Spicara flexuosum, is a species of marine ray-finned fish belonging to the family Sparidae, the seabreams and porgies. This species is found in the Eastern Atlantic Ocean Ocean and the Mediterranean Sea and Black Sea.

==Taxonomy==
Spicara flexuosum was first formally described in 1810 by the French polymath and naturalist Constantine Samuel Rafinesque with its type locality given as Sicily. When he described S. flexuosum Rafinesque classified it in the new monospecific genus Spicara, so this species is the type species of Spicara by monotypy. Some authorities have regarded S. flexuosa as a synonym of Spicara maena but both FishBase and Catalog of Fishes treat it as a valid species. The 5th edition of Fishes of the World classifies the genus Spicarain the family Sparidae within the order Spariformes by the 5th edition of Fishes of the World. Some authorities classify this genus in the subfamily Boopsinae, but the 5th edition of Fishes of the World does not recognise subfamilies within the Sparidae.

==Etymology==
Spicara flexuosum has the genus name Spicara, which is a vernacular name for picarels, particularly S. flexuosa in Italy. This is presumed to derive from spica, “a spike”, or spicare, meaning “in the form of or furnished with a spike”, Rafinesque did not explain why he chose this name. The specific name, flexuosum, means "full of bends or curves", an allusion to the wavy yellow horizontal lines along the body of the breeding males.

==Description==
Spicara flexuosum may be identified by the possession of a protrusible mouth; having 73 or less scales in the lateral line.

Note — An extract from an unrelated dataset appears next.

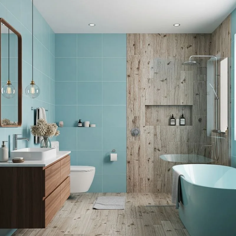 Imagine stepping onto warm wooden floors while surrounded by vibrant turquoise tiles. This combination brings the tropics right into your home! Turquoise tiles on walls or in shower areas create an energizing focal point. The wood flooring grounds the space and adds practical warmth underfoot. It's like having a beach vacation every morning. Choose water-resistant wood or high-quality vinyl planks that mimic wood grain. The turquoise can range from subtle seafoam to bold peacock shades. Mix different tile sizes for added texture and interest. This pairing works particularly well with white grout to make the turquoise pop. Natural light enhances both elements, making your bathroom glow with coastal charm.

The length of the head is equal to or greater than the depth of the body. The overall colour is yellowish or grey-brownish with a brownish spot at the axil of the pectoral fins. The colour is variable and changes with season, sex and age. This species has a maximum published total length of 23.2 cm, although 14 cm is more typical, and a maximum published weight of 120 g. This species is very similar to S. maena but was found to have distinct mitochondrial DNA from that species.

==Distribution and habitat==
Spicara flexuosum is found in the eastern Atlantic Ocean, the Mediterranean and the Black Seas. It is a demersal fish found in schools at depths down to 130 m over sand and rubble areas of the seabed.